The Metro newspaper recently reported that there are 2.4million 20-34-year-olds still living with their parents in the UK. Given the current state of the housing crisis, these figures come as no surprise. What happens then, when the parents of these adult children decide to split up? Will their housing needs be considered? Will child maintenance need to be paid by the non-resident parent? Telling the adult child to ‘Get off the sofa and get a job’ may not be enough!
Traditionally, family law courts consider a child to be a person under the age of 18. In financial remedy proceedings, the welfare of these children will be the court’s first consideration when deciding how the financial capital of their parents should be divided. This means the courts will always try to ensure that the needs, specifically accommodation needs, of any child of the family are met, and in practice, this housing provision will usually last until the completion of a child’s secondary education.

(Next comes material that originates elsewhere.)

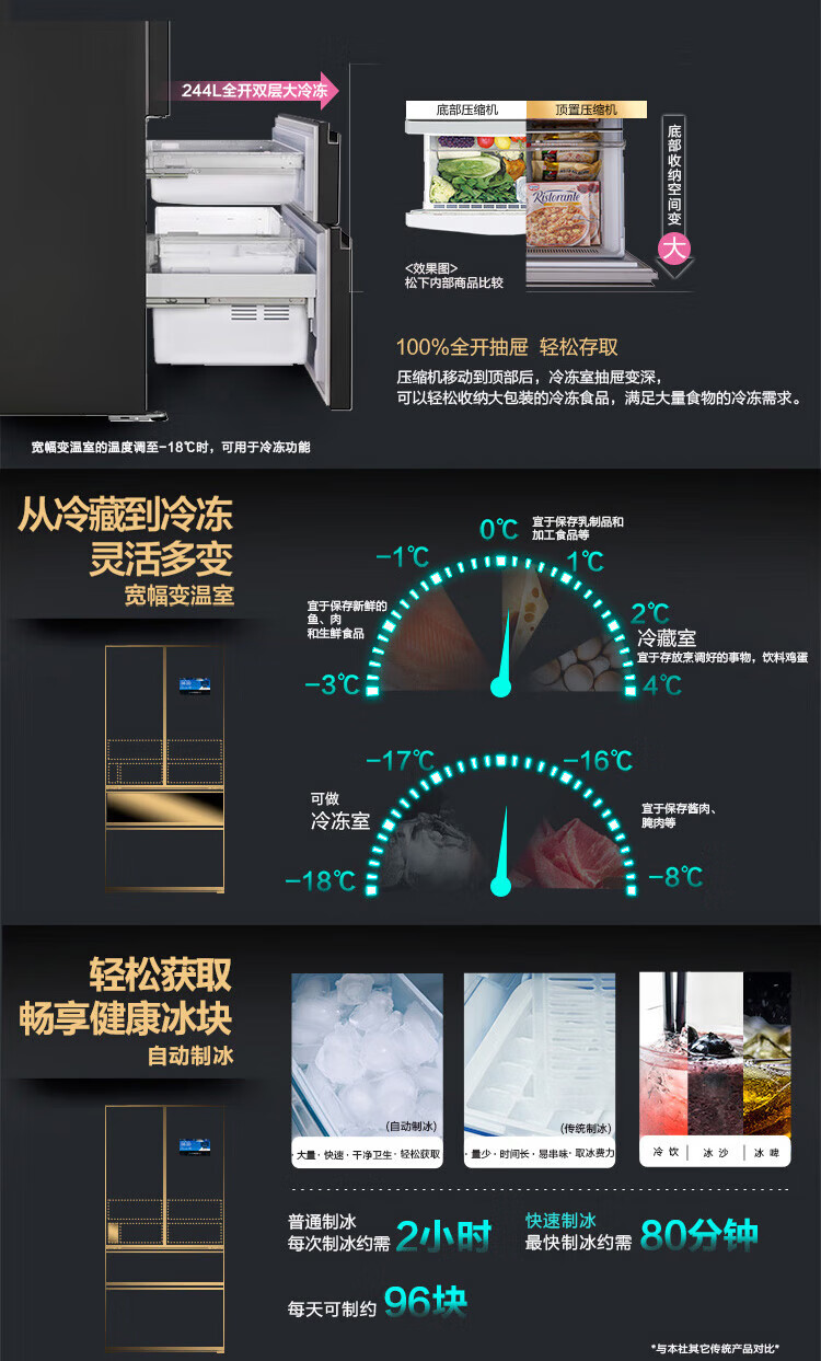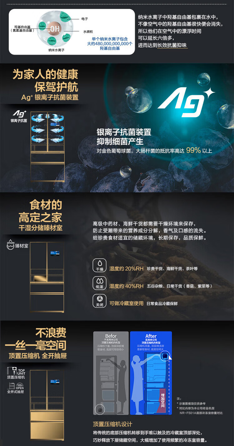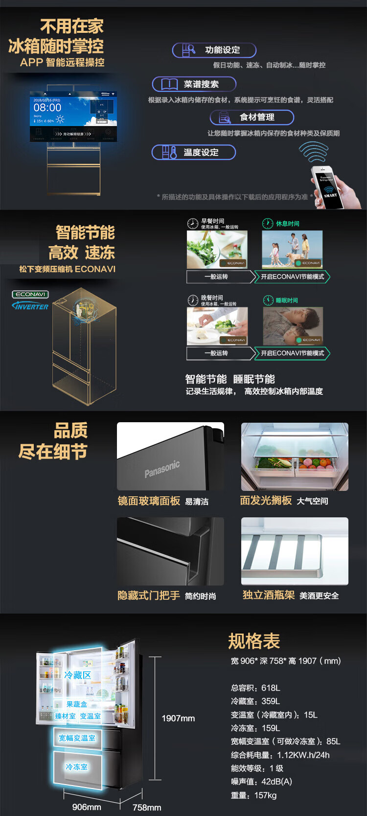 Panasonic 618-liter large-capacity French-style multi-door refrigerator, variable frequency air-cooling, frost-free, electric touch door, Nanoyi

The needs of children over the age of 18 who are not in secondary education, will therefore not be the court’s first priority and any arrangements to house these over 18’s may need to be agreed between the parents themselves. Where there is sufficient wealth to cater for the needs of adult children, or where a “child” over the age of 18 has a disability which prevents them from living independently, it is certainly more than arguable that the court should take into account the needs of such children.
Maintenance beyond the age of 20 must be agreed between parents, or the resident parent may apply to the courts for periodical payments to cover the expenses of a child who is still in education or training or for a child with a disability.